Вдруг он оставил ее полуоткрытый рот и начал покрывать быстрыми поцелуями шею, заставляя Джорджи вздрагивать.
Теперь это были не леди и джентльмен, а два объятых страстью существа, сошедшихся в любовной схватке на траве. Как они там оказались, этого не понял ни он, ни она. Словесные баталии последних недель постепенно разжигали неосознанное влечение друг к другу, и теперь оба оказались не в силах противиться неожиданному могучему порыву страсти.
Там же, на траве, отбросив одежды, здравый смысл, приличия и этикет, они узнали неведомое прежде чувство освобождения. Ничего подобного Джорджи не испытывала со своим мужем, а Джесс наконец постиг истинное блаженство утоленной страсти.
Им и в голову не могло прийти, что за ними следит какой-то человек в рабочей одежде. Он незаметно шел за Джессом от самого его дома и лежал неподалеку от них в высокой траве.
Будет что сообщить хозяину в Лондон, да только сомнительно, чтобы от этого был какой-то толк. Хотя, с другой стороны, из-за таких вот сообщений, бывало, рушились империи. Человек лежал и посмеивался.
Как долго они нежились в Эдеме, сотворенном собственными ощущениями, неизвестно. Джорджи незаметно задремала в объятиях Джесса, чувствуя на себе его взгляд. Уснул и он. Разбудили ее голоса птиц в кронах деревьев у них над головой.
Открыв глаза, она не сразу вспомнила, где находится, а когда вспомнила, испугалась.
Так, значит, это правда. Но что он подумает о ней? Сдаться так легко, без всякого сопротивления… И это она, уравновешенная Джорджи, всегда презиравшая женщин, теряющих голову от одного лишь мужского взгляда или прикосновения… Так легко попасться в ловушку, расставленную когда-то Еве, и раствориться в объятиях мужчины…

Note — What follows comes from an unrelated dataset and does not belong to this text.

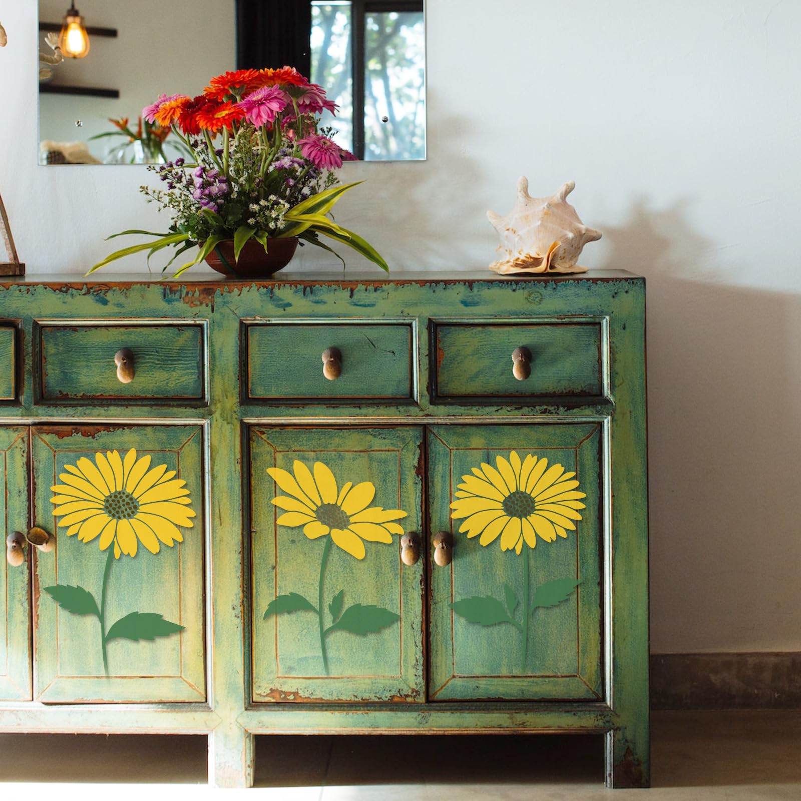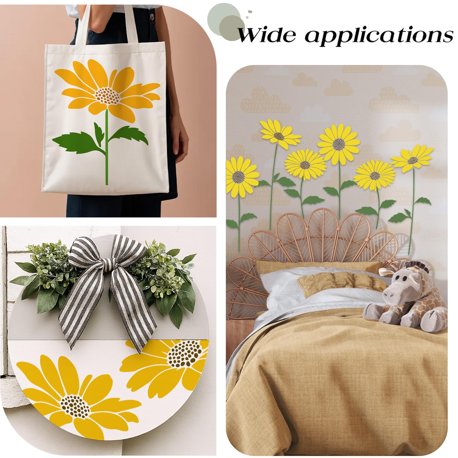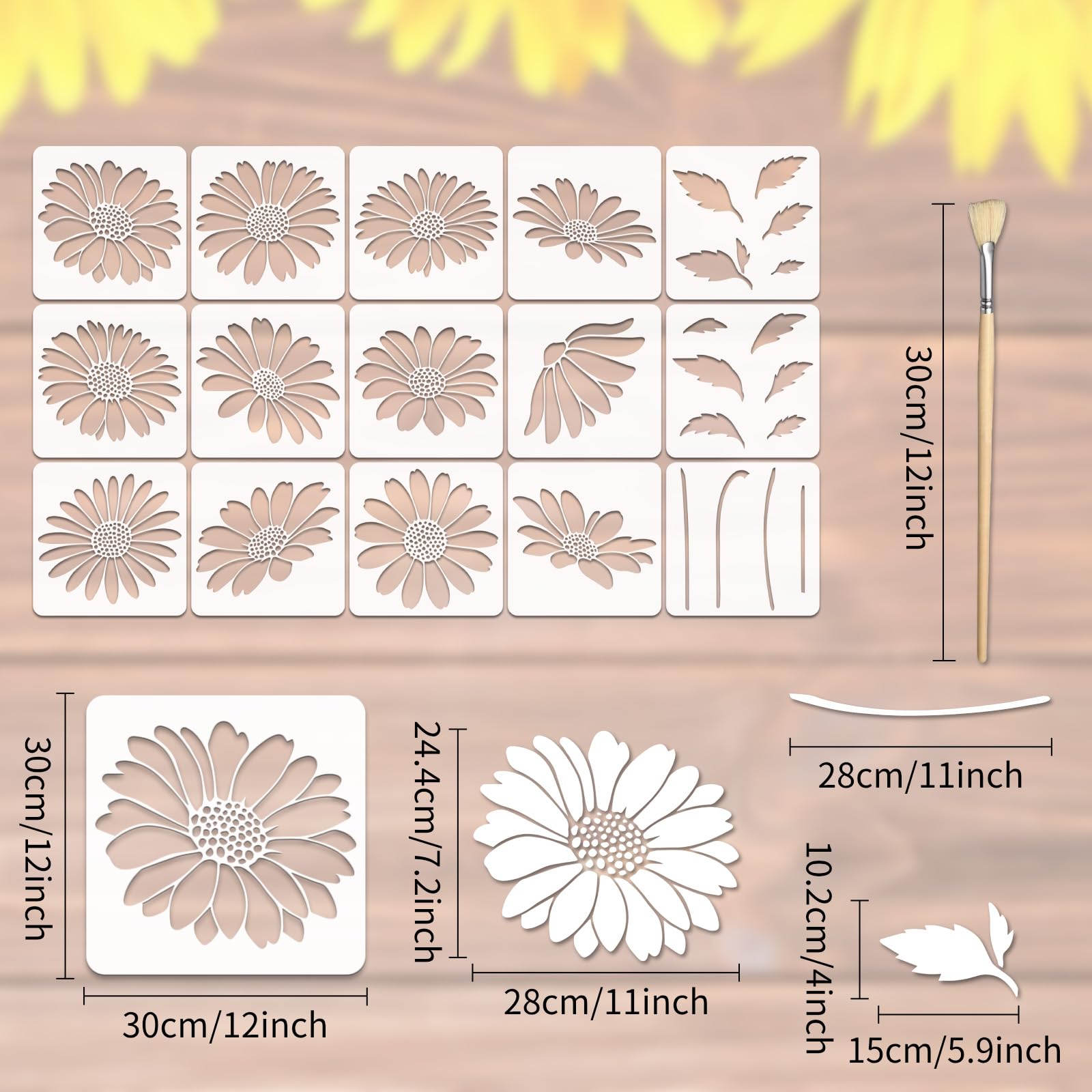 【Diversified Styles】The 15 PCS sunflower paint stencil include 12 different shaped flower stencils and 3 stem and leaf stencils in a variety of styles and shapes to create any DIY art project you wish, perfect for painting on wooden fences and garden gates

Джорджи, чувствуя, как пылают щеки, порывисто села, вспомнив о том, что она раздета. Джесс проснулся и перевернулся на спину, улыбаясь ей так, словно это совершенно естественно – увидеть ее вдруг здесь, на траве, под ясным небом, слыша пение птиц…
– Ох, Фиц, я не думала, что так случится, – Джорджи начала собирать свою одежду.
Ее взгляд скользнул по его обнаженному торсу, и она невольно залюбовалась могучим телом, доставившим ей такое наслаждение.
– Я тоже, – еще не совсем проснувшись, проговорил он. – Но разве это было не прекрасно? Вы что, жалеете о чем-то?
– Нет, – смущенно ответила она. – Конечно, не жалею, но я никогда прежде так не делала, вы мне верите?
Охваченный сладкой истомой, Джесс ласкал ее взглядом и особо не задумывался о том, что говорит.
– Милая Джорджи, я вам верю, хотя другие могут и не поверить, учитывая, каких свободных нравов придерживался ваш покойный муж.
Он сразу понял, что сказал лишнее, но было уже поздно.
Джорджи замерла. Лицо превратилось в маску.
– Откуда вы об этом знаете, Фиц? Я никому не говорила, даже Гарту и Каро.
Вскочив на ноги и лихорадочно подбирая с земли остатки своей одежды, она на миг остановилась и воскликнула:
– О, я знаю. Это Кайт, да? Вы поручили ему узнать обо мне, когда он ездил в Лондон, так? И поступить так со мной, решив, что я лягу с любым, да?
– Нет. – Джесс уже чувствовал себя неловко оттого, что он сидит голый, а она одевается, и в то же время любовался каждым движением ее грациозного тела. – Нет, поверьте мне, Джорджи, все совсем не так, я…
Он хотел сказать: «Я люблю вас», но Джорджи не дала ему договорить:
– Так вы не станете отрицать, мистер Джесмонд Фицрой, что поручали Кайту? Но зачем, зачем?
В ее голосе было такое отчаяние, что Джесс, забыв о своей наготе, вскочил на ноги и попытался обнять ее:
– Послушайте меня, Джорджи. Для вас я Фиц.